Congress has been no better, frequently ignoring the Constitution’s assignment of the war-conducting power to the president as Commander in Chief and trying to micro-manage war from the legislative sidecar. While the Constitution admits of certain legislative powers in conjunction with carrying out war, Congress cannot constitutionally employ these powers in such a fashion as to hamper the president’s sole power to decide when, how, and where to use force in an authorized military action and, further, to determine policies of engagement, capture, detention, and military punishment with respect to an enemy force or power. Congress’s power “to declare War” is an on-off switch; it is not a “dimmer switch” with which to control the Commander in Chief.

Finally, there is the power to make—or preserve—peace. Ever since President George Washington declared American neutrality in 1793 (in the then-latest war between France and Britain), it has been well established that Congress’s power to authorize war is not a power to prevent the president from declaring neutrality or to interfere in any other respect with the executive’s power to formulate and conduct the foreign affairs policies for the nation. Congress probably cannot even make the president fight a declared war against his will. And it certainly cannot prevent the president from declaring an armistice or truce. True, the president can only make a “treaty”—a formal legal arrangement that has the force of US law under the Constitution’s supremacy clause—with the Senate’s two-thirds consent. But the president may interpret, apply, and even suspend treaties, and can even enter into (nonbinding) “executive agreements” with foreign nations as part of the general executive power over foreign affairs. The “executive agreement” power is simply an application of the ordinary foreign affairs authority of the president, albeit an application with dramatically important implications.

For better or for worse, President Obama’s deal with Iran falls into this last category. It is not a treaty, so it is not binding law under the US Constitution—and it does not constrain a future administration’s decisions, other than as a matter of domestic and international politics.

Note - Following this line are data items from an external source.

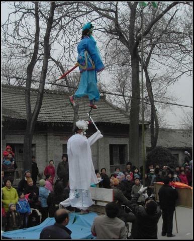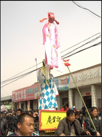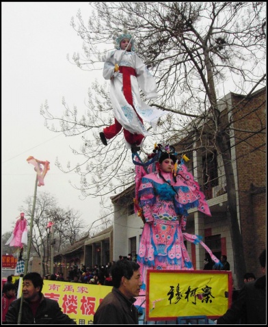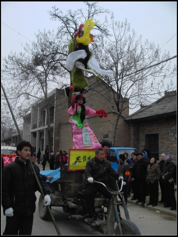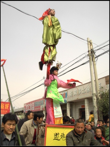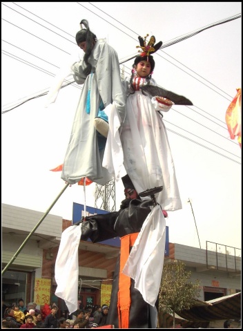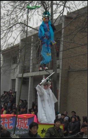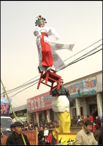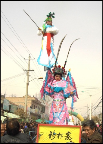 所谓险者,比如《断桥》许仙赠伞一台中,桌子上站的许仙手打一把雨伞。伞上左右趴着青白两条蛇,蛇头上分别站着白蛇和青蛇两个人。所谓巧者。比如在《龙江颂》江水英劝阻大队长一台中,江水英正在飞针走线纳鞋底,高高举起的鞋底顶短站着粗大威猛的大队长。所谓干净者就是说芯子装扮好以后,不是内行人根本弄不明白其中的玄妙之处,还以为是真的呢。我小时候看芯子就常常担心站在上面的小孩子会掉下来。所谓文雅者就是说每一台芯子都是一个文化单元。或者一出戏,或者一个历史古典。前面的一块小牌子上是标题,上面书写一个成语或者一个故典暗射这台芯子所扮的内容,供那些有文化的人去猜。这种形式又叫做“射虎”。因之有的人也就把社火也叫做“射虎”。
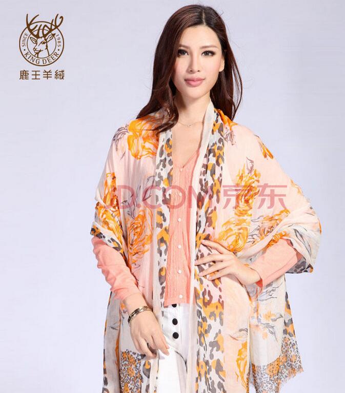 鹿王羊絨官方正品特價(jià)山羊絨女款豹紋披肩圍巾兩用薄款
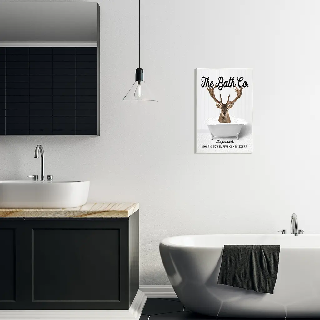 Our wall plaques start as high-quality lithograph prints mounted on durable 0.5-inch thick MDF wood. Each piece is hand finished and comes with a fresh layer of white foil on the sides to give it a crisp, clean look. Plaques arrive ready to hang without installation and come with removable plastic corners to keep them from damage in transit. Stupell Wall Art is made in the USA.Features: Dimensions: 10 x 0.5 x 15 InchesWall Plaque Sizes Include Standard: 10 x 0.5 x 15 Oversized: 13 x 0.5 x 19Wall Art is Ready to Hang with Hardware Free Hanging. No installation required. For Easy Set Up Lean or Layer Artwork on Shelf or Against Wall.All of our wall plaques start off as high quality lithograph prints that are then mounted on durable 0.5 inch thick MDF wood. Each piece is hand finished and comes with a fresh layer of foil on the sides to give it a crisp clean look. Made In USA.Artwork Relates To: Animal, Mammal, Bathroom, Bathtub, Phrase, Tub, Deer, ElkDesign by Lettered and Lined

Congress need not approve it, and has no true constitutional power to defeat it; Congress’s only power is with respect to legislative imposition or removal of economic and trade sanctions against Iran, as part of its power to regulate international commerce. (The legislation earlier adopted to give Congress a “vote” on the Iran deal is really a vote over sanctions, and it is structured so as now to give Obama the upper hand: he ultimately gets his way unless Congress can now pass a disapproval resolution over his veto.)

In all of this, one can hear the echoes of August 17, 1787. Under the Constitution—at least as originally designed—Congress has the power to declare war, but not the power to prohibit peace or interfere with the conduct of foreign affairs. The president has the power to defend the nation by repelling attacks, and the power to conduct a war authorized by Congress as he sees fit, but no legitimate power to initiate offensive military hostilities against an enemy force or power on his own authority. Certainly not all of America’s practice for the past 228 years has conformed to the Framers’ design. But that does not mean that the meaning of the Constitution with respect to the powers of war and peace has changed. It means that the Constitution has, in several instances, been violated.